The mechanism of action of buspirone is unknown. Buspirone differs from typical benzodiazepine anxiolytics in that it does not exert anticonvulsant or muscle relaxant effects. It also lacks the prominent sedative effect that is associated with more typical anxiolytics. In vitro preclinical studies have shown that buspirone has a high affinity for serotonin (5-HT1A) receptors. Buspirone has no significant affinity for benzodiazepine receptors and does not affect GABA binding in vitro or in vivo when tested in preclinical models.
Buspirone has moderate affinity for brain D2-dopamine receptors. Some studies do suggest that buspirone may have indirect effects on other neurotransmitter systems.
BuSpar is rapidly absorbed in man and undergoes extensive first-pass metabolism. In a radiolabeled study, unchanged buspirone in the plasma accounted for only about 1% of the radioactivity in the plasma. Following oral administration, plasma concentrations of unchanged buspirone are very low and variable between subjects. Peak plasma levels of 1 ng/mL to 6 ng/mL have been observed 40 to 90 minutes after single oral doses of 20 mg. The single-dose bioavailability of unchanged buspirone when taken as a tablet is on the average about 90% of an equivalent dose of solution, but there is large variability.
The effects of food upon the bioavailability of BuSpar have been studied in eight subjects. They were given a 20 mg dose with and without food; the area under the plasma concentration-time curve (AUC) and peak plasma concentration (Cmax) of unchanged buspirone increased by 84% and 116%, respectively, but the total amount of buspirone immunoreactive material did not change. This suggests that food may decrease the extent of presystemic clearance of buspirone (see DOSAGE AND ADMINISTRATION).
A multiple-dose study conducted in 15 subjects suggests that buspirone has nonlinear pharmacokinetics. Thus, dose increases and repeated dosing may lead to somewhat higher blood levels of unchanged buspirone than would be predicted from results of single-dose studies.

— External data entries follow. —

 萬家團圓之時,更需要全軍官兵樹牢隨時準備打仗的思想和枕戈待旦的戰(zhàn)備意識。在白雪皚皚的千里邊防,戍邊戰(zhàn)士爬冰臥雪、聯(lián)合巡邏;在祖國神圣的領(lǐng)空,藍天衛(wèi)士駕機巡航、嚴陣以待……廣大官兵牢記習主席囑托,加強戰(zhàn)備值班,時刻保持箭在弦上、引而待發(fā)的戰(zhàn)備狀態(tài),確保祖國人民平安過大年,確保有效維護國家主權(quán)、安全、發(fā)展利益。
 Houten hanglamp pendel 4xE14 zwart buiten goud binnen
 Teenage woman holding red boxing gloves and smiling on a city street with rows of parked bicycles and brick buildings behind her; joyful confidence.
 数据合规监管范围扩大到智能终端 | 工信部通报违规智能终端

An in vitro protein binding study indicated that approximately 86% of buspirone is bound to plasma proteins. It was also observed that aspirin increased the plasma levels of free buspirone by 23%, while flurazepam decreased the plasma levels of free buspirone by 20%. However, it is not known whether these drugs cause similar effects on plasma levels of free buspirone in vivo, or whether such changes, if they do occur, cause clinically significant differences in treatment outcome. An in vitro study indicated that buspirone did not displace highly protein-bound drugs such as phenytoin, warfarin, and propranolol from plasma protein, and that buspirone may displace digoxin.

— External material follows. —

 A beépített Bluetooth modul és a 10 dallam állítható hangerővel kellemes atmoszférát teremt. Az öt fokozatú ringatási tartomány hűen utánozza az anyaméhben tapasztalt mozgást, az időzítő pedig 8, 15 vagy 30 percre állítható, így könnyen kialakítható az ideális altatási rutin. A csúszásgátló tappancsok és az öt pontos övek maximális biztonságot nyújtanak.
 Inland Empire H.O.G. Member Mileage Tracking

Buspirone is metabolized primarily by oxidation, which in vitro has been shown to be mediated by cytochrome P450 3A4 (CYP3A4). (See PRECAUTIONS: Drug Interactions.) Several hydroxylated derivatives and a pharmacologically active metabolite, 1-pyrimidinylpiperazine (1-PP), are produced. In animal models predictive of anxiolytic potential, 1-PP has about one quarter of the activity of buspirone, but is present in up to 20-fold greater amounts. However, this is probably not important in humans: blood samples from humans chronically exposed to BuSpar (buspirone hydrochloride) do not exhibit high levels of 1-PP; mean values are approximately 3 ng/mL and the highest human blood level recorded among 108 chronically dosed patients was 17 ng/mL, less than 1/200th of 1-PP levels found in animals given large doses of buspirone without signs of toxicity.

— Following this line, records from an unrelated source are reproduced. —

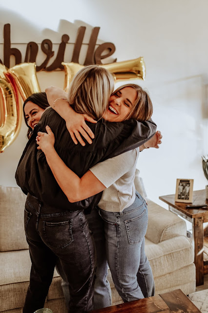 I was texting the girls that were headed back but not everyone was there yet (Bradleys family + friends, he is from Nashville). We stopped at a cozy coffee shop and did our best to convince her we were there for the weekend and how we should plan our day to celebrate! My nerves were still an all time high and I don't think the delicious iced latte helped me cool down any. A short trip and back into the car to the condo. As we were walking in the house Bradly said we have one more surprise.... she may have been suspicious of something, but not what she was about to see.
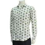 ハイドロゲン HYDROGEN クリームホワイト&グリーン WHITE PALMS SHIRT ワッフル織り 常夏の木々をプリントしたカジュアルシャツ コットン長袖シャツ
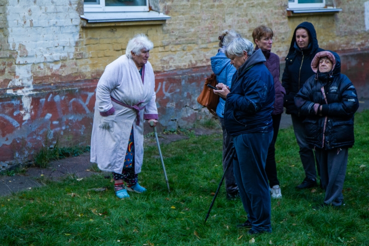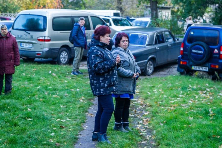 Residents near the destroyed apartment building, Kyiv, October 22, 2025
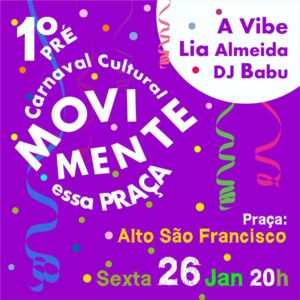 O evento terá como atrações DJ Babu, Lia Almeida e Banda e banda A Vibe, os artistas apresentarão um repertório empolgante de clássicos do frevo pernambucano e baiano, axé, reggae, maracatu e baião, além das tradicionais marchinhas de carnaval.
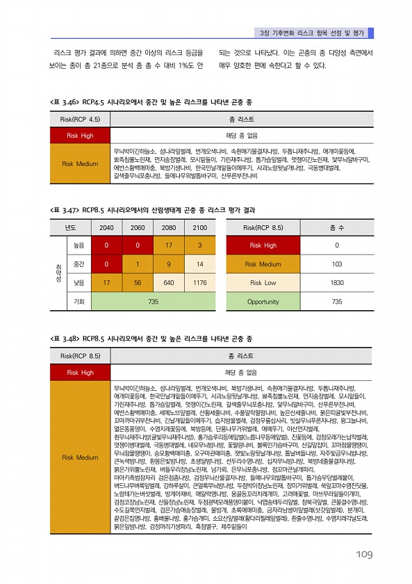 3장 기후변화 리스크 항목 선정 및 평가 109 리스크 평가 결과에 의하면 중간 이상의 리스크 등급을 보이는 종이 총 21종으로 분석 종 총 수 대비 1%도 안 되는 것으로 나타났다. 이는 곤충의 종 다양성 측면에서 매우 양호한 편에 속한다고 할 수 있다. Risk RCP 4.5 종 리스트 Risk High 해당 종 없음 Risk Medium 무늬박이긴하늘소, 섬나라잎벌레, 번개오색나비, 속흰애기물결자나방, 두톱니재주나방, 애개미꽃등에, 뾰족침뿔노린재, 먼지송장벌레, 모시밑들이, 기린재주나방, 톱가슴잎벌레, 멋쟁이긴노린재, 닻무늬알바구미, 에반스황백매미충, 북방기생나비, 한국민날개밑들이메뚜기, 사과노랑뒷날개나방, 극동병대벌레, 갈색줄무늬포충나방, 들메나무외발톱바구미, 산푸른부전나비 표 3.46 RCP4.5 ...

In a single-dose study using 14C-labeled buspirone, 29% to 63% of the dose was excreted in the urine within 24 hours, primarily as metabolites; fecal excretion accounted for 18% to 38% of the dose. The average elimination half-life of unchanged buspirone after single doses of 10 mg to 40 mg is about 2 to 3 hours.
Age and Gender Effects
After single or multiple doses in adults, no significant differences in buspirone pharmacokinetics (AUC and Cmax) were observed between elderly and younger subjects or between men and women.
After multiple-dose administration of buspirone to patients with hepatic impairment, steady-state AUC of buspirone increased 13-fold compared with healthy subjects (see PRECAUTIONS).
After multiple-dose administration of buspirone to renally impaired (Clcr = 10–70 mL/min/1.73 m2) patients, steady-state AUC of buspirone increased 4-fold compared with healthy (Clcr≥80 mL/min/1.73 m2) subjects (see PRECAUTIONS).
The effects of race on the pharmacokinetics of buspirone have not been studied.